また、マスコミに圧力をかける銀行側の裏話的なストーリーや、7年間に渡り宮入の口座から引き出されていた17億もの使途不明金などはミステリ風でもあり、グイグイと引っ張られるように先へ先へと読み進められました。




貸し込み(下) (角川文庫)/黒木 亮
¥740
Amazon.co.jp
***この作品は2010年3月に読了しました***
泥仕合の様相を呈していた裁判だったが、右近の証人出廷によって銀行の融資管理の杜撰さが明るみに出る。また、偽証の横行や印鑑偏重主義など裁判制度の限界と金融行政の欠陥も露呈される。そこへ、金融被害者問題に強い関心を持つ国会議員が登場し、事態は一気に打開されるかに思われた。しかし、事件の裏には複雑・怪奇な真実が隠されていた―。金融被害裁判の実態をかつてないリアリティで描く経済小説の傑作。
(Bookデータベースより)



「債務者は銀行のモラルを信じていたが、当の銀行はモラルなどかなぐり捨てていた時代の悲劇だ」



下巻では、まず大きなヤマの一つである主人公の証人尋問から始まります。
そして脇役には上巻から出ていた弁護士やマスコミに加え、新たな弁護士や金融消費者保護推進議員連盟の幹事を務める国会議員まで登場してきます。

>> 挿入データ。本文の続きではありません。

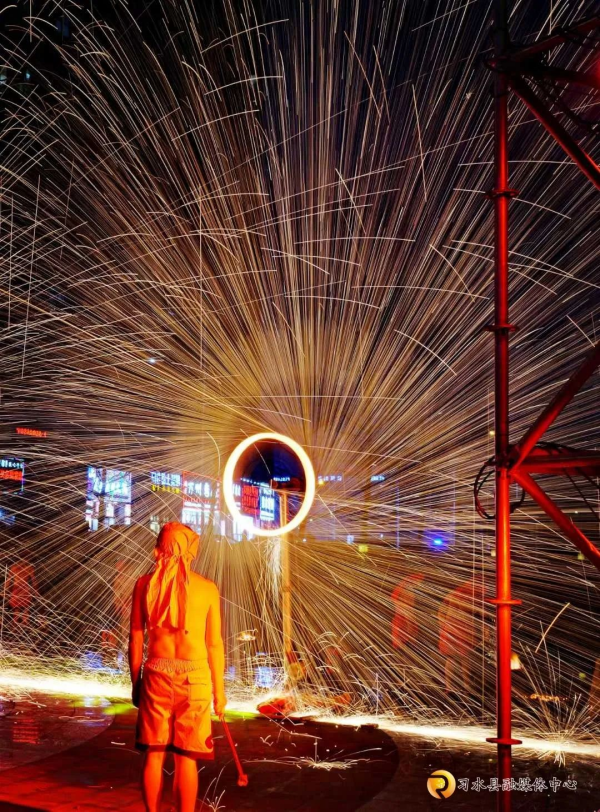 随后,非遗“打铁花”表演震撼登场。表演者将高温熔化的铁水用力击打,铁水瞬间纷飞,绽放成漫天金花,如璀璨流星划过,又似烟火般绚丽夺目,照亮了习水的夜空。现场观众被这壮观的景象所震撼,纷纷拿出手机记录这一惊艳时刻,感受着传统文化的独特魅力。
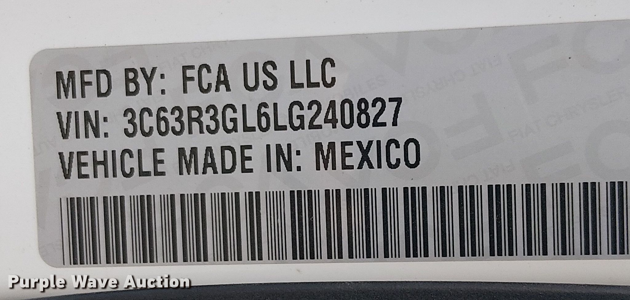 - VIN: 3C63R3GL6LG240827
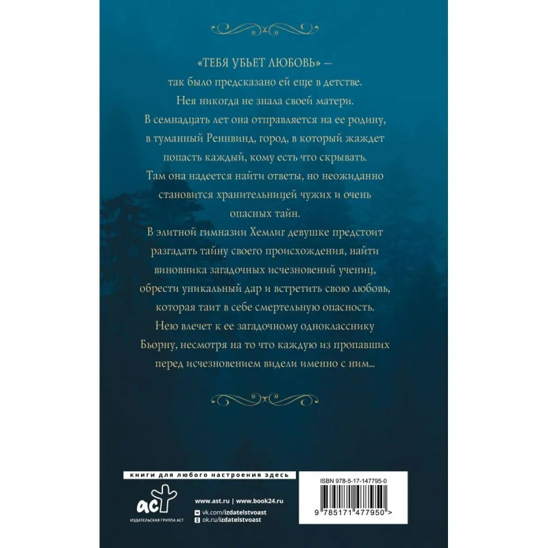 Новые Сумерки по-скандинавски, от которых невозможно оторваться! Неповторимая атмосфера, яркие чувства, тайны и загадки, которые будут держать в напряжении от первой до последней страницы. Добро пожаловать в Реннвинд и постарайтесь выбраться отсюда живыми ТЕБЯ УБЬЕТ ЛЮБОВЬ так было предсказано ей еще в детстве. Нея никогда не знала своей матери. В восемнадцать лет она отправляется на ее родину, в туманный Реннвинд, город, куда жаждет попасть каждый, кому есть, что скрывать. Там она надеется найти ответы, но неожиданно становится хранительницей чужих и очень опасных тайн. В элитной гимназии Хемлиг девушке предстоит разгадать тайну своего происхождения, найти виновника загадочных исчезновений учениц, обрести уникальный дар и встретить свою любовь, которая таит в себе смертельную опасность. Нею влечет к ее загадочному однокласснику Бьорну, несмотря на то, что каждую из пропавших перед исчезновением видели именно с ним
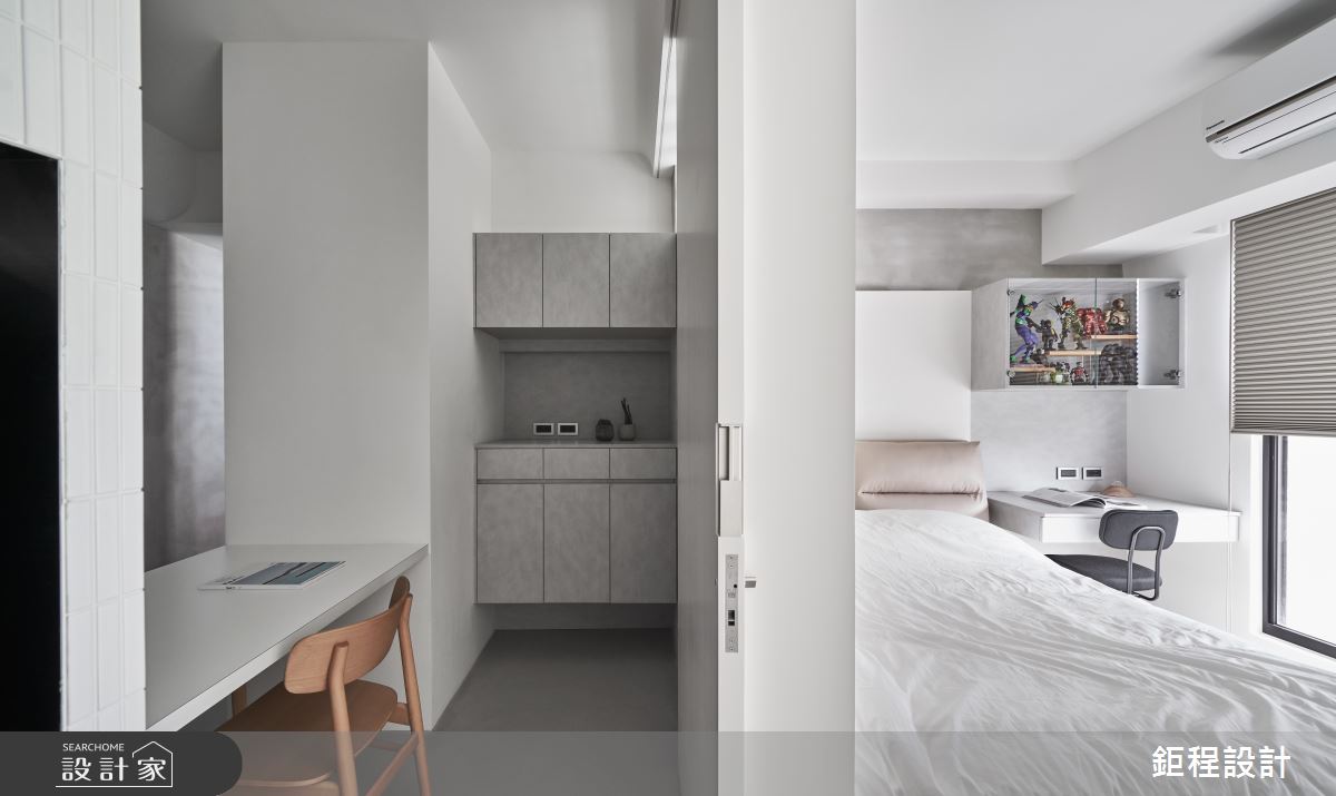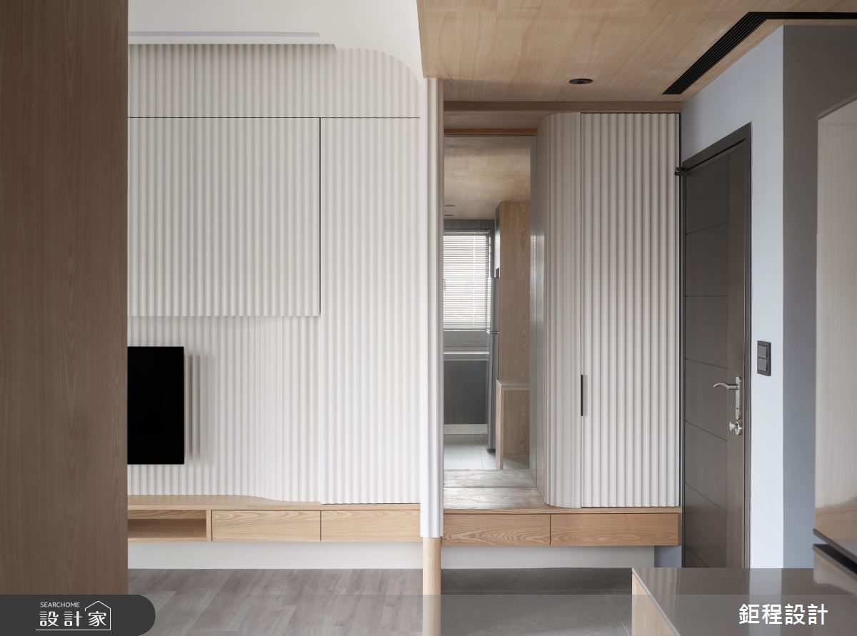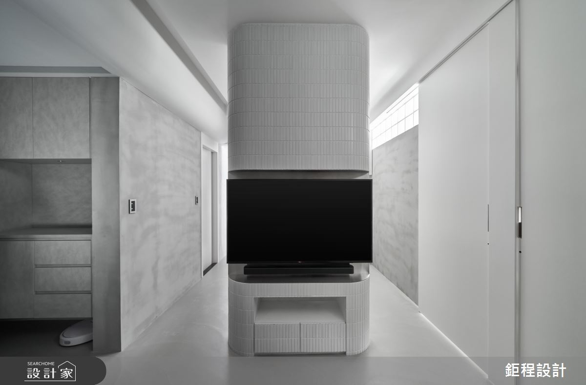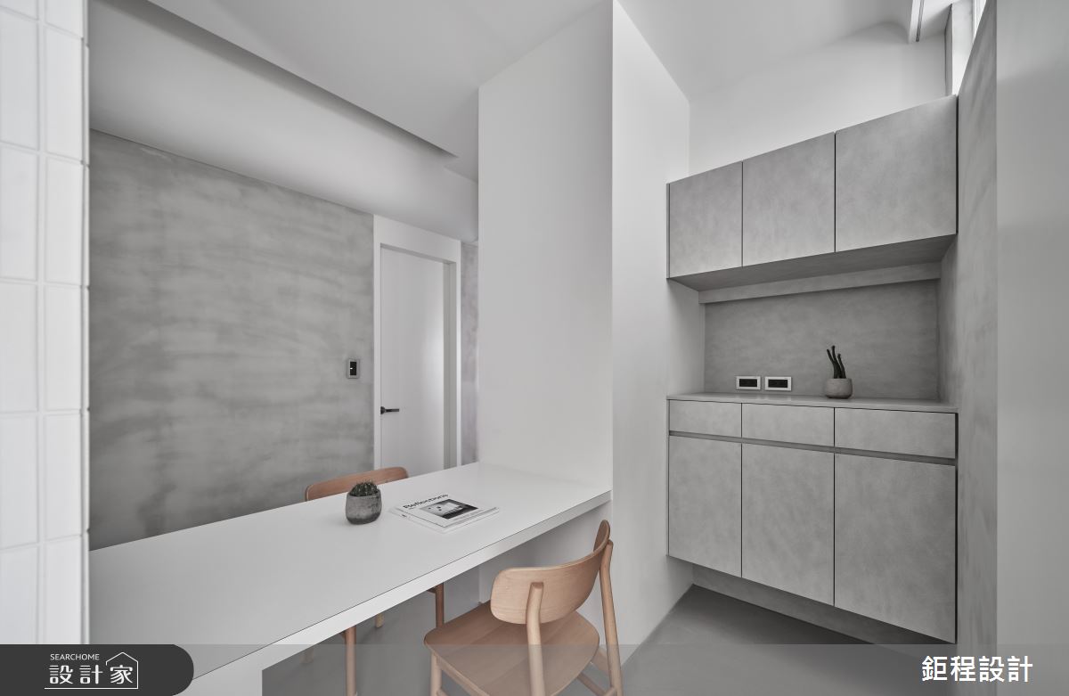 鉅程設計以不鏽鋼、磁磚、水泥/水泥粉光、噴漆、玻璃磚、優的鋼石的搭配應用,呈現現代風居家氛圍,將此間14坪、兩房、單層、新成屋(5年以下)打造成舒適愜意的家庭空間,完成1位大人全家人的夢想之居。

裁判の描写は、よく言えば、詳しくキッチリ描いてあるのでリアリティもありましたが、悪く言えば長々とちょっと冗長に感じてしまう部分もありました。
裁判の結末までの展開もサスペンス風でよかったですが、裁判の結末が描かれた後も、使途不明金の追跡などミステリ調だったりして最後まで飽きさせない展開でよかったです。
ただ、著者ご自身が巻き込まれた実話を元にしているとのことで、其処彼処で厭味っぽい表現があったり、多少上から目線な表現が鼻についたりしてしまいました。



また、アメリカ式のディスカバリー(証拠開示)制度を持ち出して、銀行側が都合のいい書類しか出さないことを非難しているのですが、主人公たちも、自分達に不利になる議事録を当初出さなかったではないか、と言いたくなりました。
確かに相手の大手銀行側は組織ぐるみで偽証しているのですが、何だかそれを言い出したらスジがとおらないように感じてしまいました。



内容が内容なので経済用語や裁判用語、はたまた銀行の手続きやローンの専門用語も出てきたりして、ちょっと取っ付きにくいかも知れませんが、知らない人にでもわかりやすいように解説してあったりするので、無理なく読めて、しかも勉強にもなる良い作品だったかと思います。